Rambling through Creek trails with Yankee troops

Published 11:55 pm Wednesday, April 13, 2005

By Staff
I am continuing with the material begun last week and written by Andrew J. McCreary. This will take a while but I believe you will derive some information about the area. He gets away from the raid many times to tell about people who lived in the area and the way they lived that is interesting.
The route that the expedition was going to take through Santa Rosa County, Fla., and Conecuh and Covington Counties, Ala.,is shown on a map drawn under the direction of Lt. S.E. McGregory, U.S. Army commanding Topographical Party of the Army of west Mississippi and southern Alabam,a March and April 1865, by order of Bvt. Major McClester, Bvt. Major U.S. Army.

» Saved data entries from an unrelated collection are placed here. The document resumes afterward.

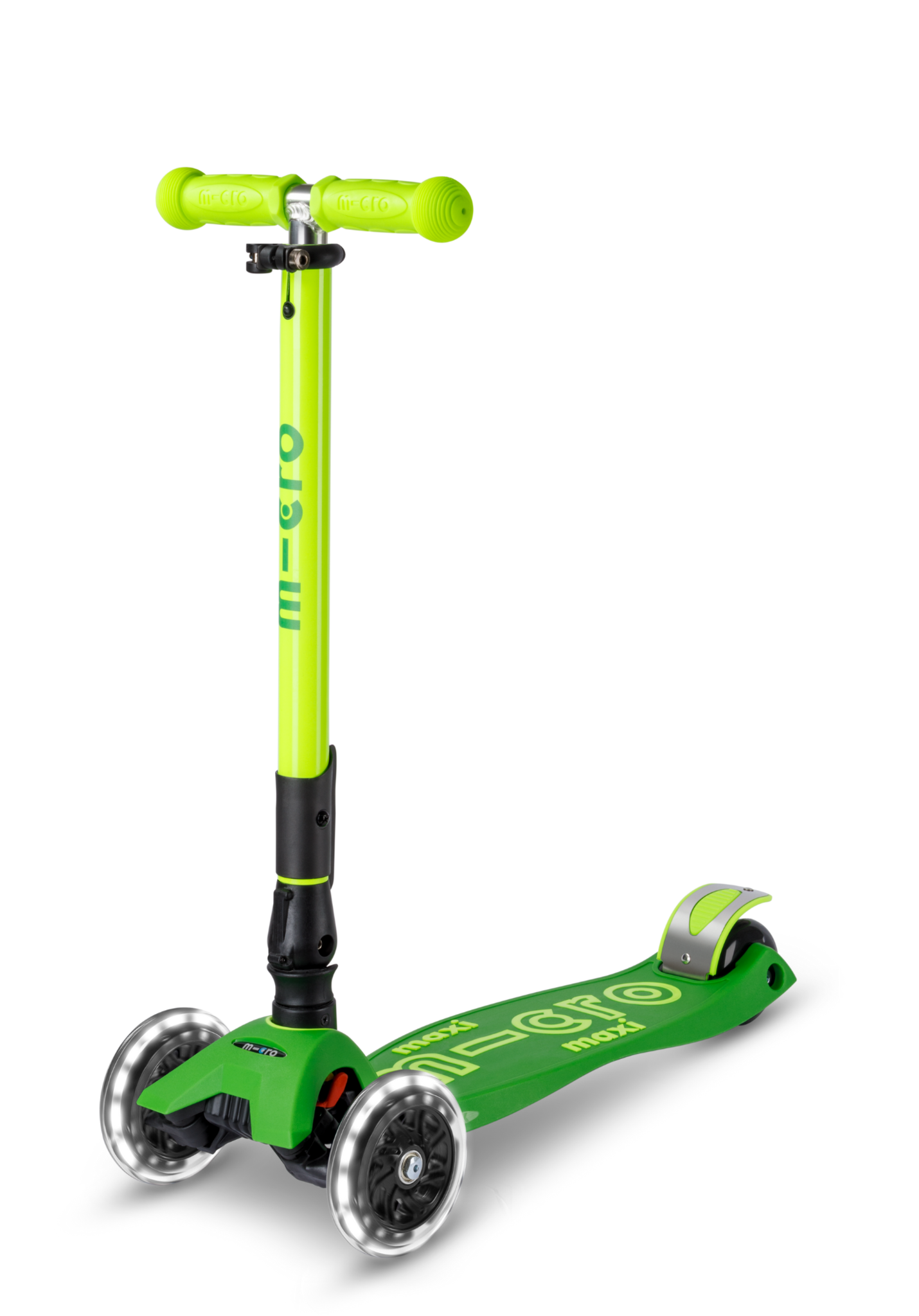 Safety: With the Maxi Micro Deluxe foldable LED scooter, you choose a safe kids' scooter. The adjustable handlebar height ensures a perfect fit for your child's height. The double front wheels and stable fiberglass board provide extra stability. Additionally, the battery-free LED lights in the wheels make the 3-wheel scooter extra visible in the dark. With the lightweight frame, silicone grip letters on the deck, and easy-to-use steel brake, your child easily stays in control.
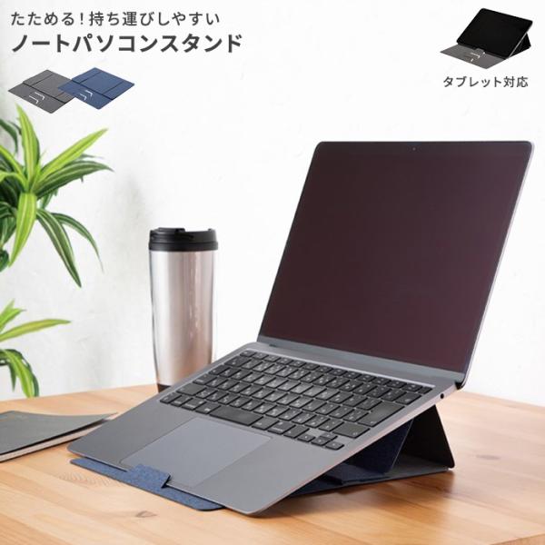 ナカバヤシ 文具 PCスタンド スタンド ノートパソコンスタンド 折り畳み シンプル 人気 軽量 傾斜 台 PC台 高さ調整 角度調整 薄型 シンプル おしゃれ ネイビー グレー iPad ノートパソコン ノートPC - 楽天での商品説明(ルームクリエイト)
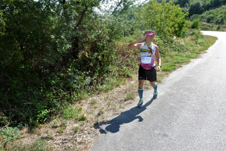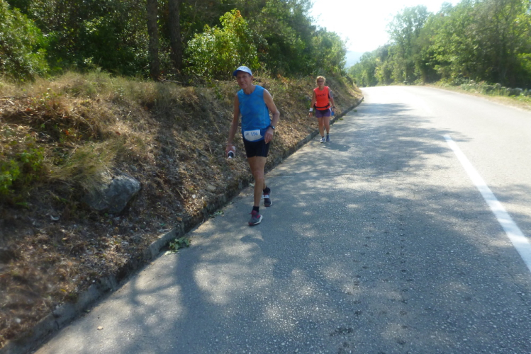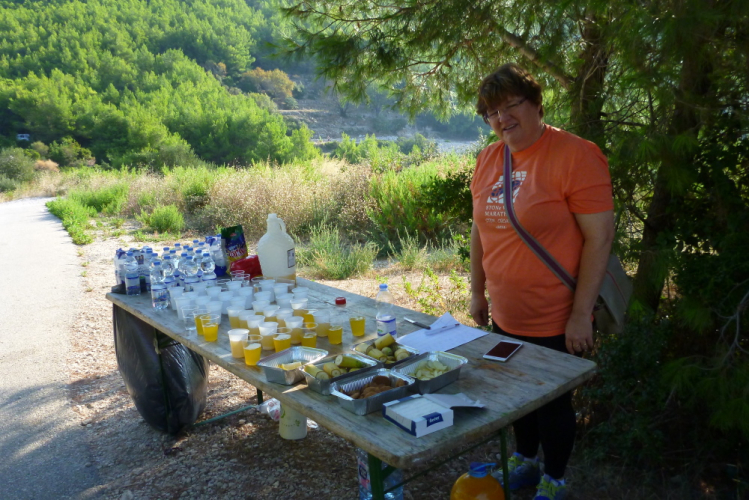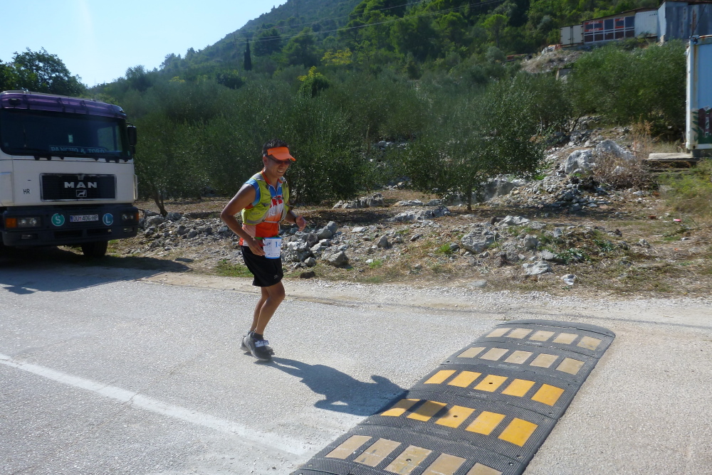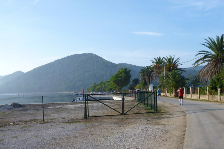 Dann, unmittelbar vor dem Ortseingang von Duba Stonska, sind 35 km geschafft und ich darf den Rückweg antreten. Der natürlich nicht weniger anstrengend wird, aber ich gebe mein Bestes und genieße wirklich die atemberaubende Landschaft, auch wenn ich ganz schön platt bin und immer langsamer werde. Hilfreich ist für mich, dass ich gedanklich auf den letzten sieben km Elkes Standardstrecke um den Niederbreitbacher Sportplatz ablaufe, was den zu bewältigenden Rest schön plastisch macht. Luka hat einen tollen, kleinen Hafen, dem ich unbedingt noch einen Besuch abstatten muss. Nach 41 km darf ich an der Kreuzung, die mich auf diese Begegnungsstrecke geführt hat, geradeaus laufen. Noch sind längst nicht alle Läufer auf sie eingebogen, was werden die noch über Stunden in der Hitze leiden müssen!
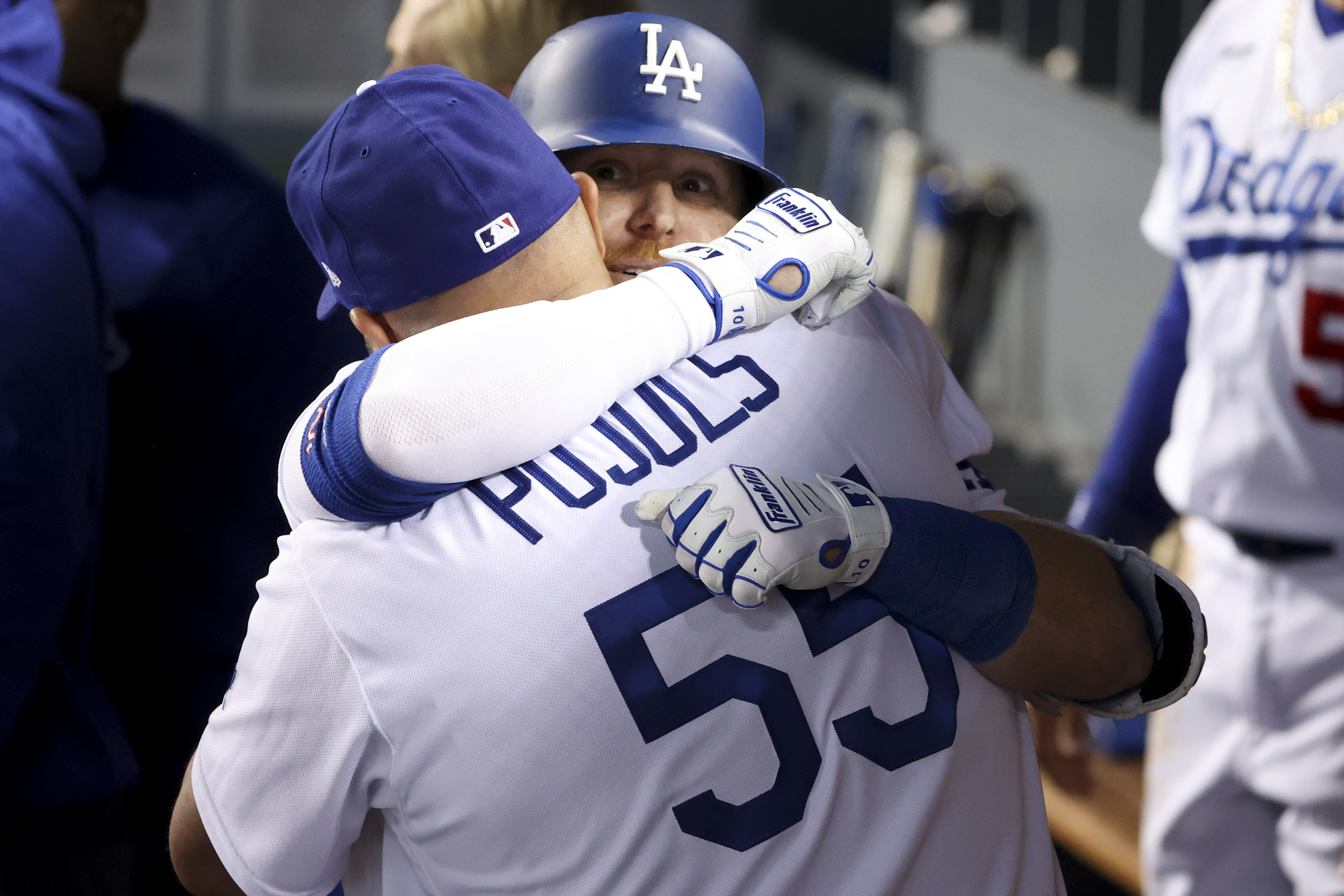 Getty Los Ángeles, CA – 6 de octubre: Justin Turner de los Dodgers de Los Ángeles, de espaldas, abraza a Albert Pujols en el banquillo después de conectar un jonrón solitario para empatar el juego durante la cuarta entrada contra los Cardenales de San Luis en el Dodger Stadium el miércoles 6 de octubre de 2021 en Los Ángeles, CA. (Robert Gauthier / Los Angeles Times vía Getty Images)
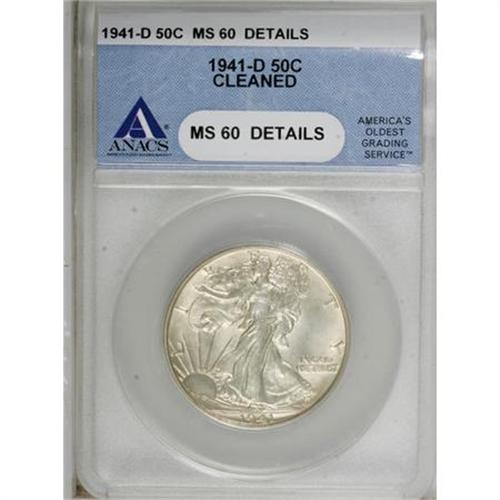 <B>1941-D 50C --Cleaned--ANACS. MS60 Details.</B></I> NGC Census: (1/4223). PCGS Population (6/7048). Mintage: 11,248,400. Numismedia Wsl. Price for NGC/PCGS coin in MS60: $30. (#6612)<BR><BR><B>Coin Engraver:</B> Adolph A. Weinman<BR><BR><b>Shipping:</b> Coins & Currency (<a target="_blank" href="http://www.heritageauctions.com/common/shipping.php">view shipping information</a>)
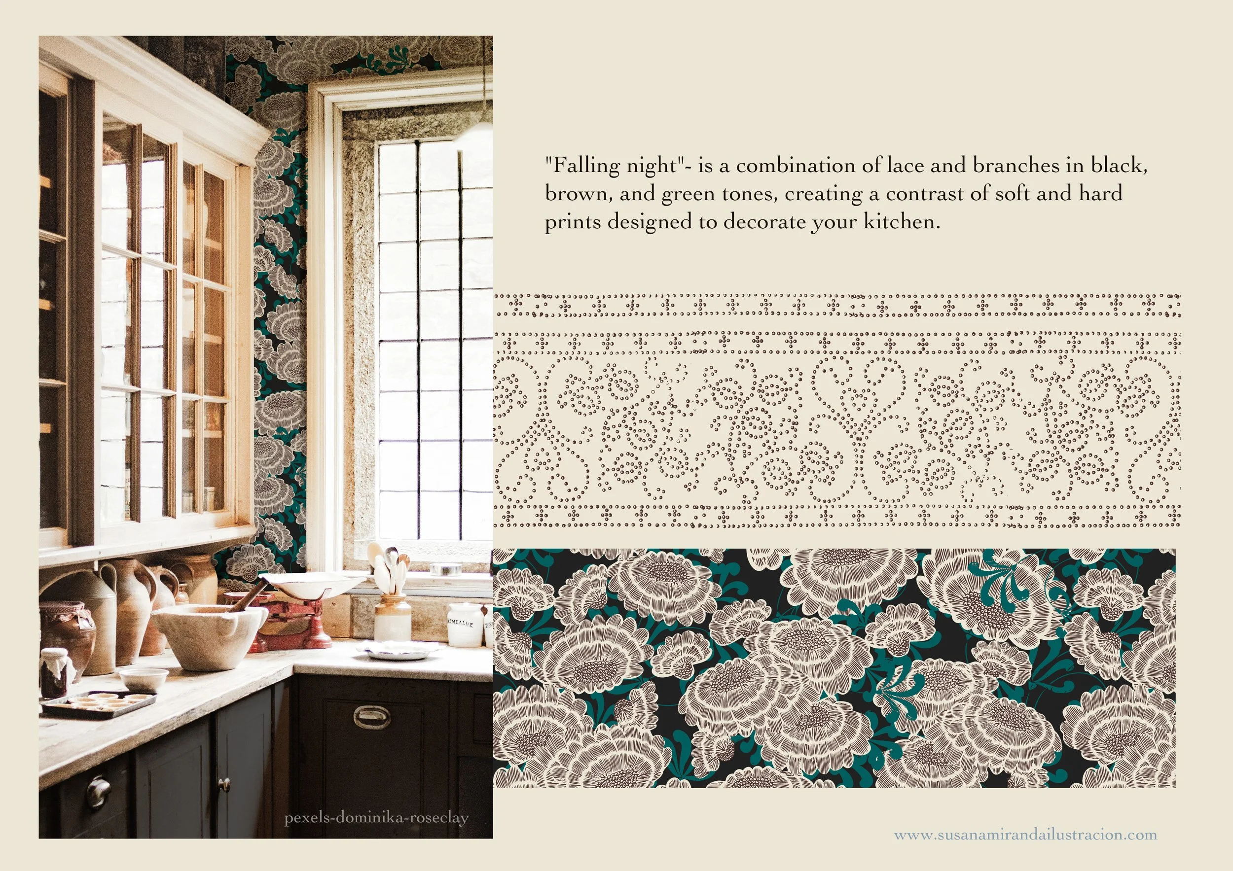 Falling Night Todos/AllColecciones/CollectionsFloralFigurativo/Conversational 27 mar Escrito por Susana Miranda Colección disponible/ Available at Spoonflower Verde oscuro/Dark greenFigurativo/ConversationalColecciones/CollectionsMarrón/BrownBeigeNegro/BlackFloral Susana Miranda
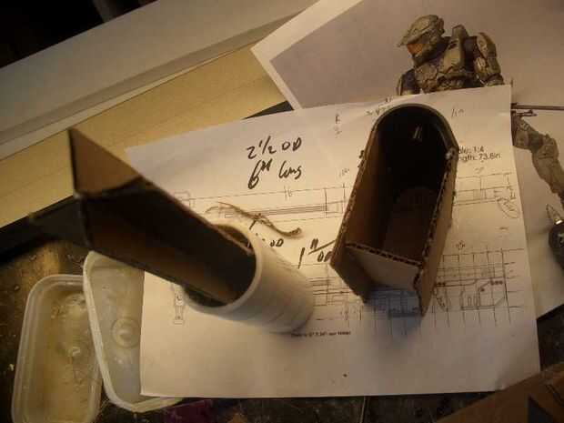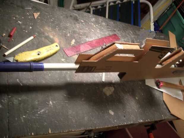 Utilicé una escala de dibujo y otros cuadros de referencia que encontré en internet para obtener la forma general y el tamaño de la arma. El 48" longitud se determinó que el mejor tamaño para la altura de mi hijo. Me dibujó una cuadrícula en la vista lateral del diagrama y sirve para transferir la silueta a la cartulina. Hice dos bandos y pegar los tubos interiores y medios y restos de un mango de madera para añadir soporte a la estructura.
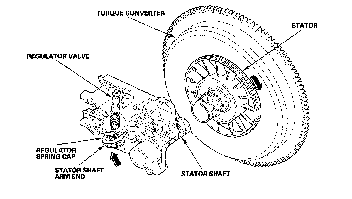 Increases in hydraulic pressure according to torque are performed by the regulator valve using stator torque reaction. The stator shaft is splined with the stator in the torque converter, and its arm end contacts the regulator spring cap. When the vehicle is accelerating or climbing (torque converter range), stator torque reaction acts on the stator shaft, and the stator arm pushes the regulator spring cap in the direction of the arrow in proportion to the reaction. The stator reaction spring compresses, and the regulator valve moves to increase the line pressure which is regulated by the regulator valve. The line pressure reaches its maximum when the stator torque reaction reaches its maximum.

The first unit landed from the steamer Matamoras was the First Florida Cavalry and two companies under command of Capt. E.D. Johnson were sent to Milton on the 19th to see if the Confederates had reoccupied any of the areas there, and to confuse the Rebels as to when and where the Yankees were going to strike next. A large Yankee force was going to move from Pensacola toward Camp Pollard shortly. Only a few Rebel pickets were found in Milton and they were driven toward Camp Pollard and disappeared into the swamps. Capt. Johnson was to stay only two days and then join the main column on the march into south Alabama.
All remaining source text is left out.